PARA DÜNYA/ ALEV RİGEL Bilgisayar ve interneti kullanarak evden çabalama, başka şehir ya da ülkeden çabalama benzer biçimde kolaylıkların bir sınırı olduğu ortaya çıktı. Dünyanın en büyük oldukca uluslu teknoloji şirketlerinden IBM, başta yöneticileri olmak suretiyle çalışan tüm elemanlarına bir ultimatom verdi ve “Ya işe gelirsiniz ya da çekilme etmiş sayılırsınız” dedi.

Ultimatom, firmanın başkan yardımcısı John Granger’dan geldi. Granger, departman müdürlerinden en kısa zamanda yanıt bekliyoruz. Aksi halde kendilerini çekilme etmiş sayacağız. Yerlerine, her gün bizzat işe gelen elemanlardan seçim yapacağız” dedi.

Yöneticilerin, haftada beş gün işe gelmesi hala gerekmiyor. Fakat en azından üç gün, şirkette bulunmak zorundalar. Şirket binasına 50 milden (80 km) daha uzakta oturan elemanların ise ağustos ayına kadar yakın bir adrese yerleşmeleri gerekecek. Askeri hizmette olanlar ve bulundukları yerin yakınında olan hastanelere bağımlı olanlar, bu uygulamadan muaf tutulacak.
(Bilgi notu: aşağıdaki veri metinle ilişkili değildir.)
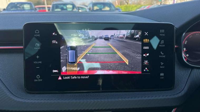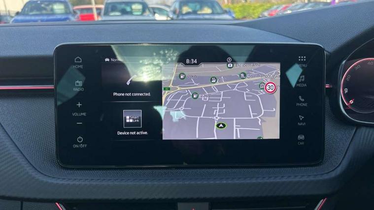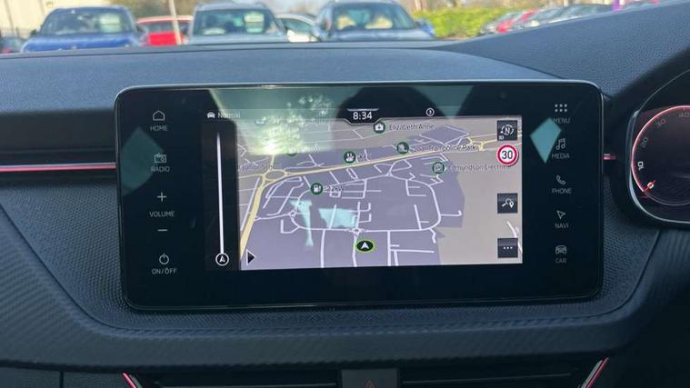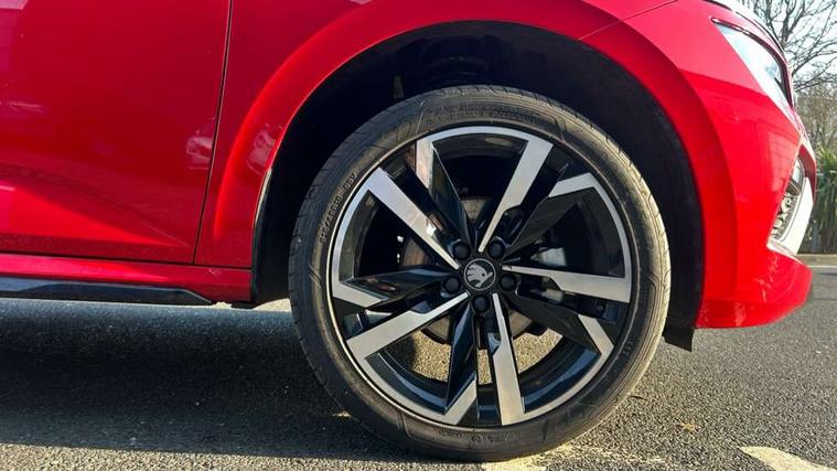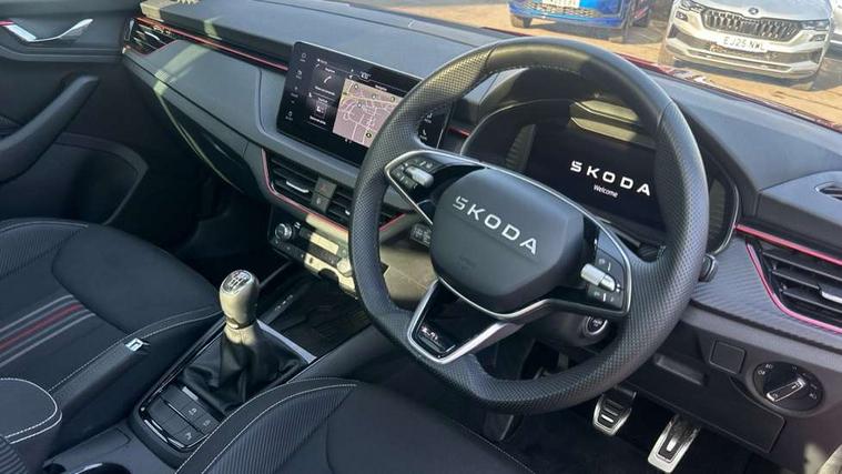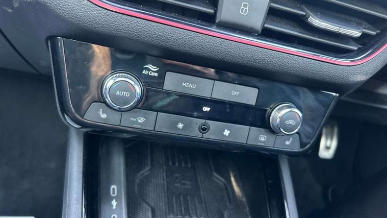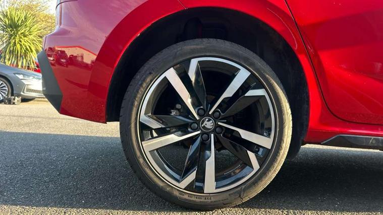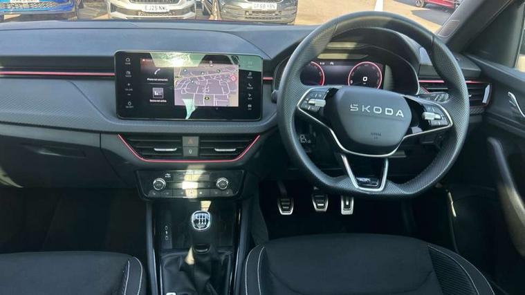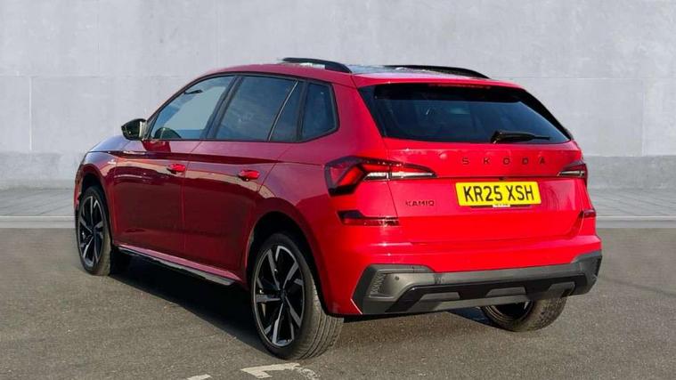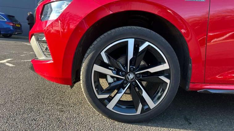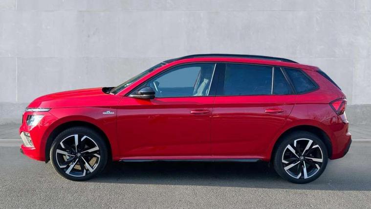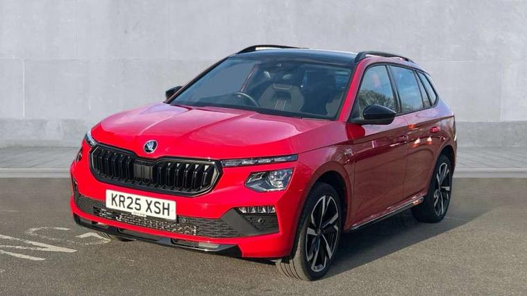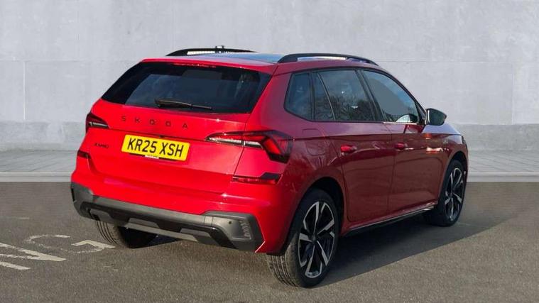 Advanced driver attention and drowsiness monitor, Bluetooth system, E-call, Front assist system, PAS, Rear parking sensors, Rear view camera, Service indicator, Speed limiter, Traffic sign recognition, Virtual cockpit with 10.25" display, Voice control system, Wireless smartlink, 4 USB C ports, 8 Speakers, 9.2" Skoda navigation display, DAB Digital radio, Auto dimming rear view mirror, Automatic headlight control with coming home and leaving home feature, Black door mirrors, Black radiator grille, Black rear diffuser, Black roof spoiler, Body colour bumpers, Body colour door handles, Boot lettering in black, Extended tailgate glass, Fixed panoramic sunroof with black roof rails, Front and rear electric windows, Heated rear window, LED daytime running lights, LED high beam, LED low beam, LED third brake light, Light sensors, Monte carlo plaque, Privacy glass, Rear side wing doors, Rear wiper, Ticket holder inside windscreen, 12V socket in luggage compartment, 3 seat bench in 2nd row, Aluminium pedals, Ambient lighting in white/red, Art leather carbon decor inserts, Art leather carbon door inserts, Black roof lining, Cargo elements, Chrome inner door handles, Driver and passenger sun visors with vanity mirror, Dual zone climate control, Front and rear roof lights, Front centre armrest, Front head restraints, Glove compartment with illumination, Height adjustable driver seat, Height adjustable front passenger seat, Ice scraper, Inner circulation control with pollen filter, ISOFIX on front passenger seat, Isofix preparation for back seats, Leather gearknob and handbrake lever, Manual lumbar support for front seats, Monte Carlo cloth upholstery, Net package and top tether hooks in boot space, Net under rear shelf, Pocket on the back of both front seats include mobile phone pockets, Rake/reach adjustable steering wheel, Reading lights, Rear centre armrests, Red hotstamping, Single front passenger seat, Sports seats, Textile floor mats, Third rear headrest, Top tether for front passenger seat, Umbrella in driver's door, Light and view plus package - Kamiq, 3x3 point rear seatbelts, Airbags - driver and front passenger, Disc brakes, ESP, Extended and predictive pedestrian/cyclist protection, Front passenger airbag deactivation switch, Front side airbags with curtain airbags, Hill hold control, Manual leather parking brake, Manual rear child locks, One tone horn, Seatbelt reminder for driver an co-driver, Traction control, Tyre pressure monitor, Anti-theft alarm system with interior monitoring, backup horn, towing protection and remote central locking with SAFE system, Anti-theft wheel bolts, Electronic engine immobilizer, 18" Ursa black diamond cut alloy wheels,

Karara gerekçe olarak ülkenin Covid-19 pandemisinden çıkması ve firmanın bazı bürolarını kapatma sonucu almasının görevi olduğu belirtiliyor. IBM’in CEO’su Arvind Krishna, suni zeka kullanımı sebebiyle önümüzdeki beş yıl içinde şirket personelinden 7 bin 800 kişinin işten çıkarılacağını söylemiş oldu. Krishna, geçen senenin ocak ayında 3 bin 900 çalışanın iş akdinin feshedildiğini, yeni uygulamanın ise bir tek IBM’e özgü olmadığını, pek oldukca teknoloji şirketinin suni zekayı giderek daha büyük oranlarda iş yaşamına kattığını belirtti. IBM’in 177 ülkede 288 bin 300 mensubu var. ABD’de ve dünya genelinde etkinlik gösteren şirketlerin yüzde 4’ünün IBM benzeri uygulamalar içinde olduğu ifade ediliyor. Bu oran, sayısal olarak binlerle anlatılan şirket anlamına geliyor.

Amazon’un CEO’su Andy Jassy de benzer bir uygulamaya gitmişti. Şirketten meydana getirilen açıklamada, haftada üç gün işinin başlangıcında olmayan Amazon çalışanının günlerinin sayılı olacağı mevzusunda ikazda bulunulmuştu.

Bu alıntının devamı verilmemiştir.